- Exercise data -
--------------------------------------------------

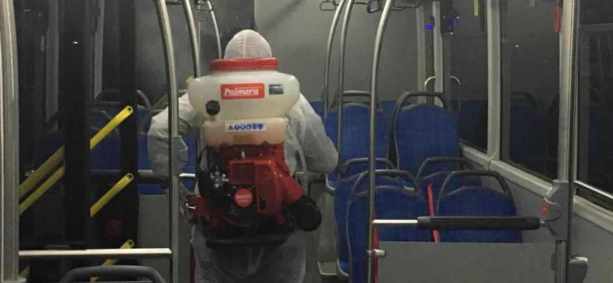 Ambulans, polis, jandarma ile kamu kurumlarına ait hizmet araçları ve özel sektöre ait hatlı minibüsler, ticari taksiler, personel servislerinin de Büyükşehir Belediyesi Ulaşım Daire Başkanlığı Otobüs İşletme Şube Müdürlüğünde ücretsiz dezenfekte işlemleri uygulanırken, kenttin belirli noktalarında bulunan klimalı ve açık duraklar da ekipler tarafından her gün dezenfekte ediliyor.
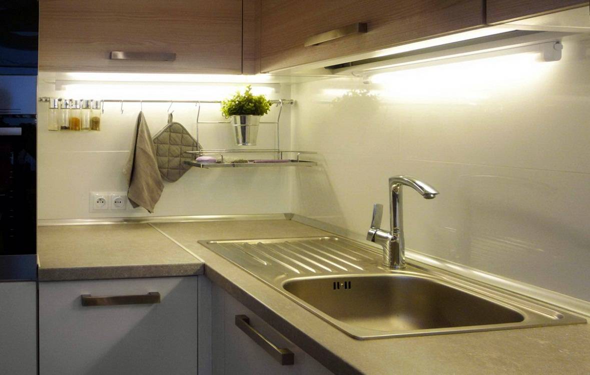 Главное условие: над уровнем рабочей поверхности столешницы освещенность должна быть не менее 300 Лк. Допускается уменьшение освещенности рабочей зоны, если в помещении кухни достаточно дневного света.
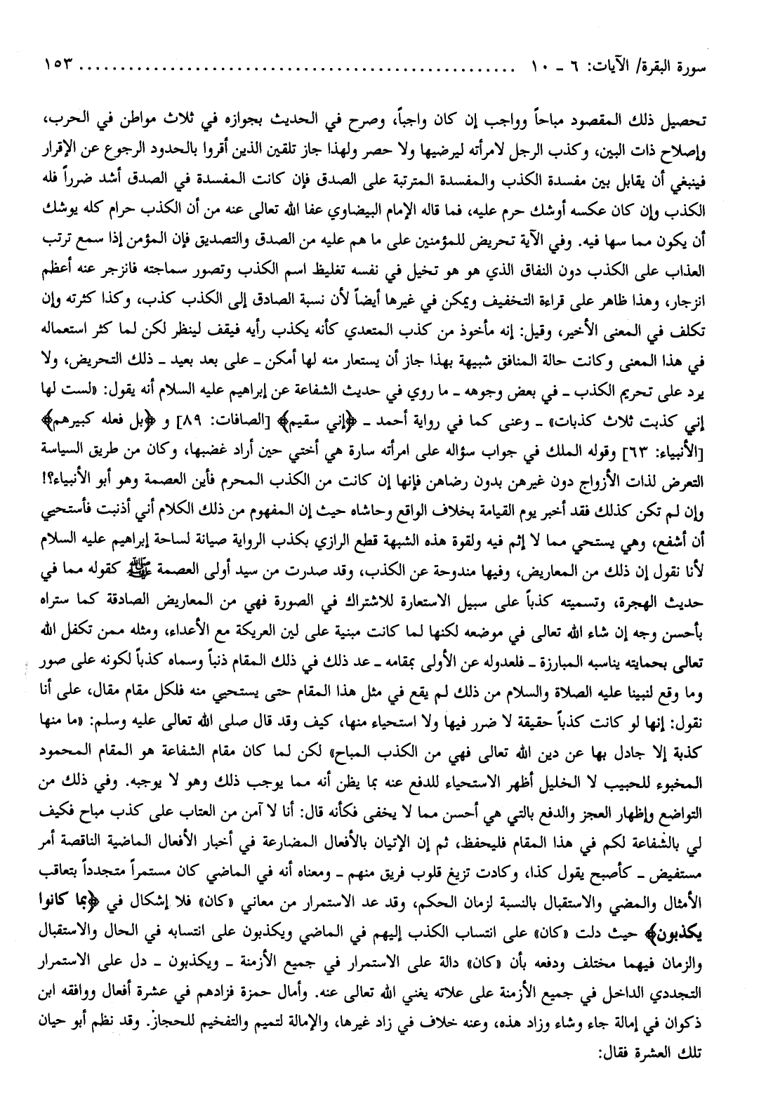 تحصيل ذلك المقصود مباحا وواجب إن كان واجبا، وصرح في الحديث بجوازه في ثلاث مواطن في الحرب، وإصلاح ذات البين، وكذب الرجل لامرأته ليرضيها ولا حصر ولهذا جاز تلقين الذين أقروا بالحدود الرجوع عن الإقرار فينبغي أن يقابل بين مفسدة الكذب والمفسدة المترتبة على الصدق فإن كانت المفسدة في الصدق أشد ضررا فله الكذب وإن كان عكسه أو شك حرم عليه، فما قاله الإمام البيضاوي عفا الله تعالى عنه من أن الكذب حرام كله يوشك أن يكون مما سها فيه. وفي الآية تحريض للمؤمنين على ما هم عليه من الصدق والتصديق فإن المؤمن إذا سمع ترتب العذاب على الكذب دون النفاق الذي هو هو تخيل في نفسه تغليظ اسم الكذب وتصور سماجته فانزجر عنه أعظم انزجار، وهذا ظاهر على قراءة التخفيف ويمكن في غيرها أيضا لأن نسبة الصادق إلى الكذب كذب، وكذا كثرته وإن تكلف في المعنى الأخير، وقيل: إنه مأخوذ من كذب المتعدي كأنه يكذب رأيه فيقف لينظر لكن لما كثر استعماله في هذا المعنى وكانت حالة المنافق شبيهة بهذا جاز أن يستعار منه لها أمكن- على بعد بعيد- ذلك التحريض، ولا يرد على تحريم الكذب- في بعض وجوهه- ما

--------------------------------------------------

- Work instruction -
Starting at the top of the listing above, please restate word for word each line up to and including the one that holds "Главное условие: над", omitting every image.

- Task response -
 Ambulans, polis, jandarma ile kamu kurumlarına ait hizmet araçları ve özel sektöre ait hatlı minibüsler, ticari taksiler, personel servislerinin de Büyükşehir Belediyesi Ulaşım Daire Başkanlığı Otobüs İşletme Şube Müdürlüğünde ücretsiz dezenfekte işlemleri uygulanırken, kenttin belirli noktalarında bulunan klimalı ve açık duraklar da ekipler tarafından her gün dezenfekte ediliyor.
 Главное условие: над уровнем рабочей поверхности столешницы освещенность должна быть не менее 300 Лк. Допускается уменьшение освещенности рабочей зоны, если в помещении кухни достаточно дневного света.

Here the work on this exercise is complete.